Hopkins builds the novel as four separate verse sequences that occasionally intersect, giving each character equal weight and equal interiority. As in all her books, the verse form allows a density of psychological observation that would be difficult to sustain in conventional prose. The novel is 656 pages long, and what makes it feel not exhausting but essential is the precision with which Hopkins tracks four distinct forms of interior disaster.

A Companion to Impulse

Perfect follows on from Impulse (2007), which followed three teenagers in a psychiatric facility after suicide attempts. Cara and Sean are among those who knew the characters from Impulse; Andre also has a connection to the events of the earlier novel. Reading the books in sequence provides important context, though Perfect functions independently as well.

The pair of novels together give an unusually complete portrait of the pressures — on ideal bodies, on academic achievement, on sexual identity, on family loyalty — that accumulate around teenagers in a culture demanding performance and conformity. Hopkins refuses to offer solutions; she offers honesty, which her readers consistently report is rarer and more valuable.

Why Perfect Has Been Banned

Perfect has been challenged in 3 states across 5 school districts, making it less frequently targeted than most of Hopkins's other novels. The challenges cite language, sexual content, and the novel's honest treatment of eating disorders, depression, and self-harm. The depiction of sexual violence in one of the narrative threads has also been cited.
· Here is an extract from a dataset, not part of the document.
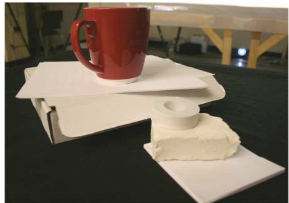
Figure 7. A designer can work with a range of materials using SketchSpace. This includes everyday objects (cup, paper, box), deformable surfaces (CD cover, tape) and malleable material (modeling clay).

To imbue interactive behaviors in a passive physical prototype this way, SketchSpace imbues passive prototypes with input sensing using Microsoft's Kinect camera. Mathematically analyzing the depth sensing using techniques from computational and differential geometry allows SketchSpace to infer a broad set of inputs, ranging from touch events on the object's surface and surrounding workspace, orientation, position, motion, proximity and, among others, shape deformations (see Figures 6 and 7). A designer uses these inputs to prototype as if it had functionality, including mapping sensor values to interactions using embodied gestures and projecting dynamic interactive content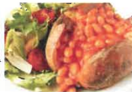
Jacket potatoes with cheese, beans or tuna mixed salad & coleslaw

As with other Hopkins titles, the readers targeted by removal of the book from school libraries are often the very students who most benefit from seeing their experiences treated with honesty and craft. Hopkins's books reach readers who are already living the realities she depicts — and who have consistently described finding her work when no other book in the library reflected what they were going through.

Banned in Schools

Banned or challenged in 3 states across 5 school districts.